ここからの数本は早く投稿できると思います!

三人称で一本書いたのは初めてでした。初めてで読み辛い点もあるかもしれませんが、最後まで読んでいただけると嬉しいです。

次回が【千の塔を誇る街・楼蘭】編は終了です!長い間、お付き合いいただきありがとうございました!!次回編も、ぜひよろしくお願いします!!


君のような忍になって欲しいと願い、そして叶った

 

―――ドォォォン!!

 

ムカデの持つ小さな弱点を破壊し、巨大な傀儡が力なく崩れる。再生し、組み直されていたその身体も、サーラによって龍脈の流れを止められた今となってはその力は発揮されない。

 

 

「やったか!?」

「……いや、まだだ!!」

 

破壊し、再生も防いだのだが完全に戦闘不能に陥らせることが出来たわけではなかった。

 

「ただでは……死なんっ!!!」

「「!?」」

 

僅かに動ける力を、そのまま龍脈の力が満たされている塔の下に身を投げる力に使う。

ムカデの身体が大きな音を立ててその中に落ちた。大量の龍脈の力を持っていたムカデの身体によって、龍脈の本来の容量を超えてしまう。紫色の蒸気が爆発のように大きく発生する。

 

「まずい! 龍脈の暴走だ!!」

「! サーラ!! 早く逃げろ!!」

「!?」

 

細くなった支えだけの中心の土台にいたサーラの元に繋がる道もまた、細いものだけだった。

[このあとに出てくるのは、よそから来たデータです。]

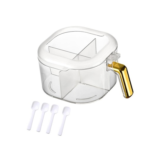 Materiał: pojemnik na przyprawy wykonany jest z wysokiej jakości materiału PETG, przezroczystego, trwałego.
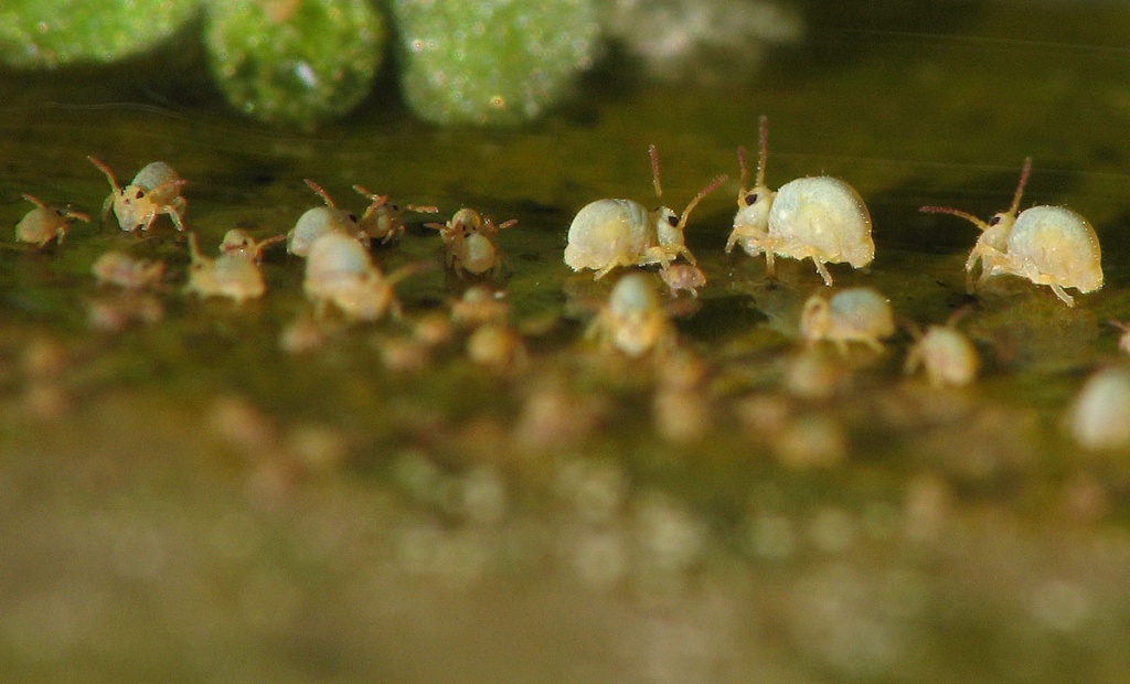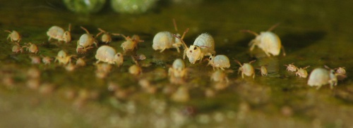 Adults up to 0.5mm, females larger than males. Yellowish with some blue pigmentation on the dorsal side of the body. In Sminthurides aquaticus, the fourth antennal segment in the female is not divided into subsegments (c.f. other Sminthurides).
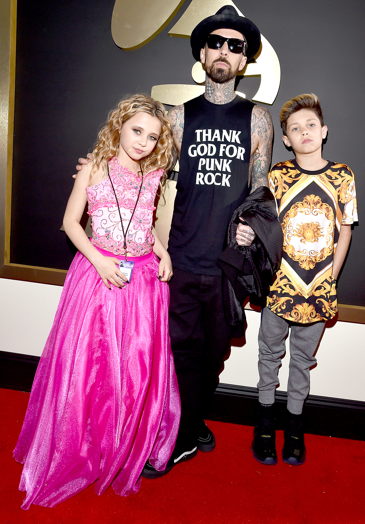 Travis Barker made it a family affair on the 2016 Grammy Awards red carpet!
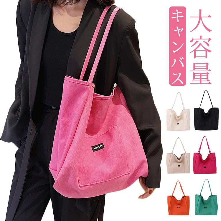 バッグ キャンバス 大きめ トートバッ バッグ 小物 ブランド雑貨 続々登場 ピンク マゼンタ オレンジ グリーン ベージュ ブラック ブラウン
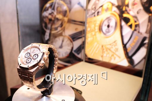 [아시아경제 윤동주 기자] 13일 서울 광장동 워커힐호텔에서 명품 시계전이 열렸다. 세계 3대 명품 시계 브랜드 중 하나인 시계전체를 금으로 장식한 '오데마르피게'의 로얄오군로 시계가 전시되고 있다.윤동주 기자 doso7@asiae.co.kr<ⓒ세계를 보는 창 경제를 보는 눈, 아시아경제(www.asiae.co.kr) 무단전재 배포금지>
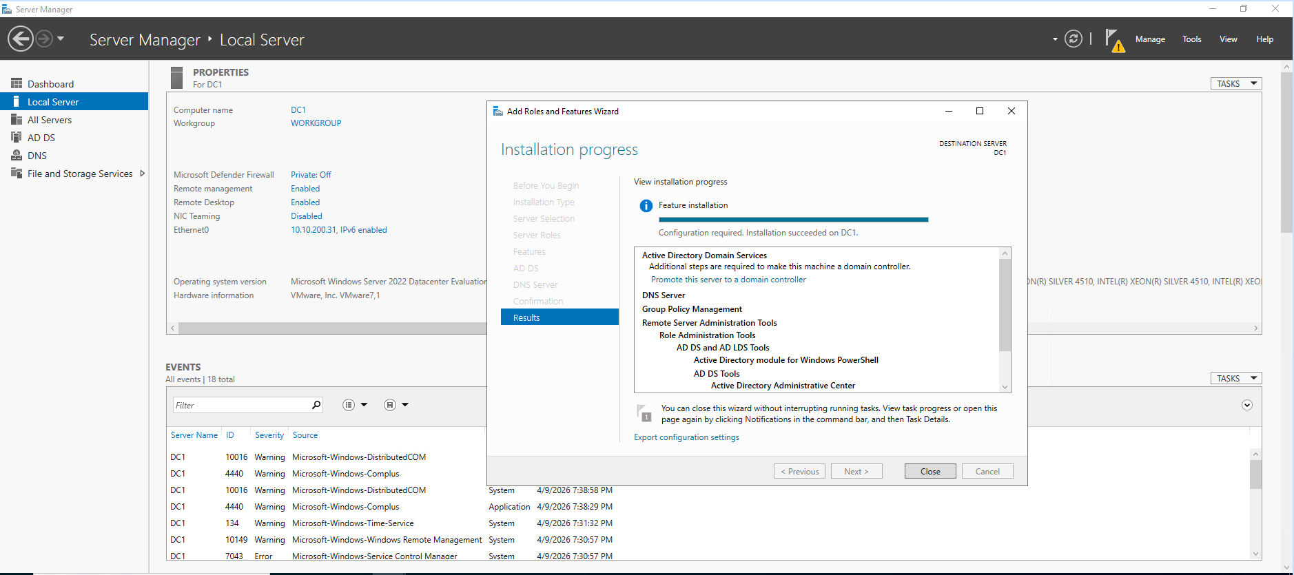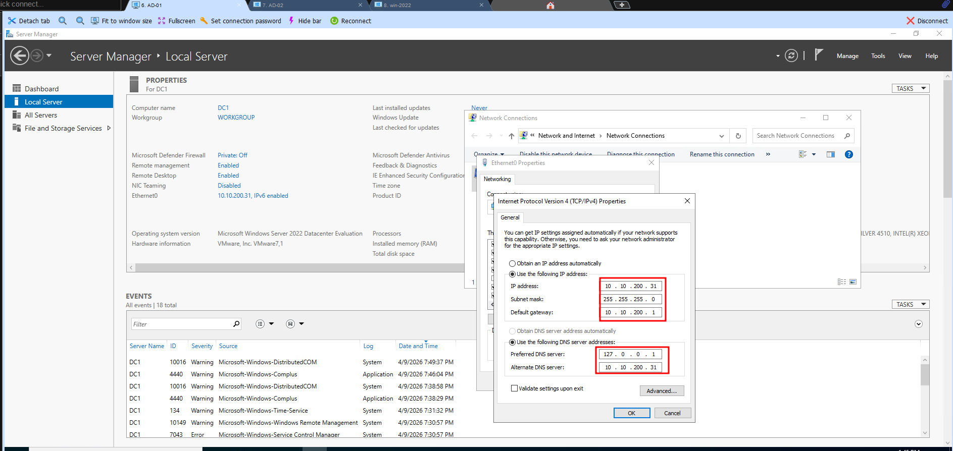 | Domain Controller 1 | DC1 | 10.10.200.31 | 255.255.255.0 | 10.10.200.1 | 127.0.0.1, 10.10.200.32 |

ムカデが落下したことによる爆風と、龍脈が波打つ力でその脆い通路も崩れていく。

 

「くそっ!」

 

今にも崩れそうな細い中心部へ、ナルトが迷わず向かっていく。

そのナルトの目の前で、サーラの足下が崩れ氾濫する龍脈へ落ちそうになったが、間一髪のところでナルトがその腕を掴んだ。

 

「く、そっ……、離すんじゃねぇぞ!!」

「ナルト……っ」

 

掴んだのだが……

 

「うわっ!」

 

振動と爆風でいっそう脆くなっていた細い道は、ナルトの重さに耐えられず無残にも崩れ落ちる。

 

「危ない! ……あっ」

 

そして、慌てて駆けつけようとしたミナトの足下の道も崩れてしまった。

三人が暴走した龍脈へ落ちていく。

 

 

……そう、三人だけが。

 

 

「“飛雷神の術”」

 

遠くから見ていたハルトがナルトとサーラのもとへとんだ。そして、

 

「隊長だけ、お願いします!!」

「分かった」

 

ハルトが叫んだ後方、後ろからやって来たのはヤマトとカカシ。二人が原作通り援護にかけつけ、ヤマトの木遁の術でミナトを落下から救い出した。

 

そしてハルトは、

 

「ナルト、しっかり持っててよ」

「おう!!」

 

落ちていくナルトに触れると、予めマーキングしておいた中心部へ二人を連れてとんだ。

 

「助かったってばよ、ルト!」

「君にあげたお守りが役に立ったよ」

「お守り??」

 

ハルトがナルトに渡したお守りには、実は予めハルトがマーキングを施していたものだった。それを頼りにハルトはナルトの元へとんだのだった。

 

 

「みなさん!! 無事でよかった……!」

 

ナルトが突破ってきた入口の所には、足止めを引き受けたチョウザとシビ、そしてサーラによって安全な部屋へと避難していた楼蘭の民たちが集まっていた。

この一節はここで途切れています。